API Developers often face with following challenges:
- It is difficult to manage multiple API versions and environments.
- It takes a lot of time to monitor the access of 3rd party developers.
- Authorization of access is a challenge.
- Operations are burdened by traffic spikes.
API Gateways are reverse proxy servers that expose microservices as APIs. Clients and microservices are connected through the gateway, which is often referred to as north-south traffic. API Gateways typically perform authentication, enforce security policies, load balance between backend services, and throttle them if necessary. In addition to reducing the complexity of their client and server code, API Gateway also reduces the overall network latency required to satisfy client requests, enables better enforcement of access and imposes limits, and sometimes reduces the overall complexity of their client and server code.
We will discuss the basics of an API Gateway, what it does and doesn’t do, and how it differs from a service mesh in this post. A few popular API gateways will also be reviewed.
Purpose of an API Gateway
API Gateways are fundamentally designed to prevent backend services and data sources from being exposed to the public.
API Gateways provide an abstraction layer from which you can manage:
- Security — SSL termination, whitelisting, firewalling, authentication, and authorization.
- Performance — Throttling, request aggregation, routing, load balancing, and caching capabilities.
- Administrative — Logging, monitoring, metering, and versioning APIs.
Benefits of using an API Gateway
Client code that is cleaner and simpler
The client does not need to know how individual services have been decomposed when client and backend services are decoupled. The decoupling makes it easier to maintain client code and refactor services without affecting one another. In addition, API Gateways can be used by developers to keep track of endpoints and handle request failures so they don’t end up delivering a bad user experience.
A client app might need to call multiple backend services in order to perform a single operation. A client without an API Gateway will need to make multiple network round trips to the backend services, adding significant latency to the process. Requests can be aggregated and routed efficiently with an API Gateway to reduce the number of client calls required to complete a request.

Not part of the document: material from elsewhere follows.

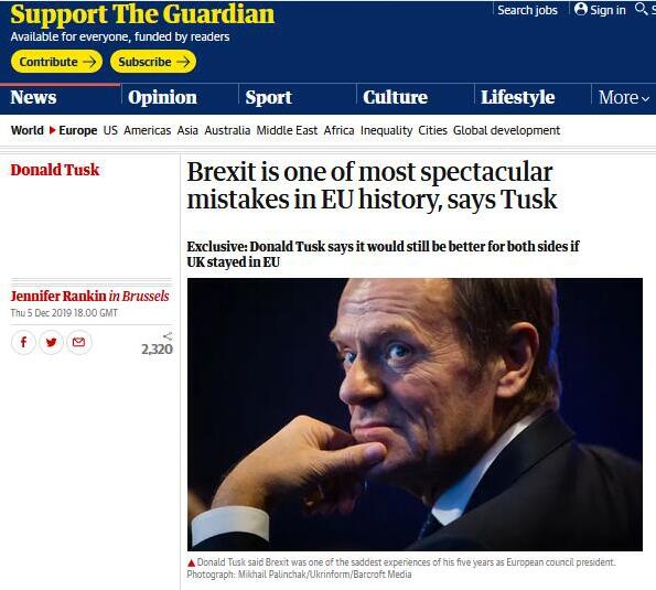 圖斯克上周卸任歐洲理事會(huì)主席一職,據(jù)英國(guó)《衛(wèi)報(bào)》5日?qǐng)?bào)道,他卸任后首次接受采訪時(shí)直言:英國(guó)脫歐是歐盟歷史上“最驚人的錯(cuò)誤之一(one of most spectacular mistakes)”。

Simplified Authentication and Rate limiting
In the absence of an API Gateway, each backend service must make its own security-related decisions about incoming client requests. Developers must first determine whether a request is authorized, whether the communication is secure, or whether the client is requesting too many requests, which complicates the code needed to deliver a service. API Gateways enable organizations to centrally handle authentication, SSL, client rate limiting, and other security-related policies for all their backend services.
What API Gateway Doesn’t do
Microservices are exposed as APIs by API Gateways, but they don’t handle the communications and networking infrastructure between them, also known as east-west traffic. Organizations with microservice-based architectures on Kubernetes will use a service mesh like Istio to manage east-west traffic.
Popular API Gateway
Amazon API Gateway
With Amazon API Gateway you can:
- Host multiple versions and stages of your APIs.
- Create and distribute API Keys to developers.
- Leverage AWS Signv4 to authorize access to APIs.
- Throttle and monitor requests to protect your backend.
- Utilizes AWS Lambda for serverless deployment.
- Managed cache to store API responses.
- Reduced latency and DDoS protection through CloudFront.
- Swagger Support.
- Request/Response data transformation and API mocking
Kong is a cloud-native API gateway written mostly in Lua and extensible via open-source and proprietary plugins. In addition, the Kong Service Control Platform, from the same vendor, can be easily integrated with it.
Tyk is an open-source API Gateway written in Go that can be extended with plugins written in a variety of languages. Furthermore, the company offers an API Management Platform that is available both on-premise and as a managed service.
API gateways are reverse proxy servers that expose microservices as APIs. API gateways also reduce the potential risks associated with exposing backend services and data sources directly to clients. An API gateway simplifies client code, reduces latency, and simplifies authentication and encryption. Various open-source and managed API gateways are available, written in a variety of languages. Despite API Gateways’ ability to provide microservices with APIs, security, performance, and administrative features, they can’t provide intra-application observability or control over networking or fault-tolerance characteristics. Hence, many fully-realized microservice architectures that operate at scale require an API gateway and service mesh.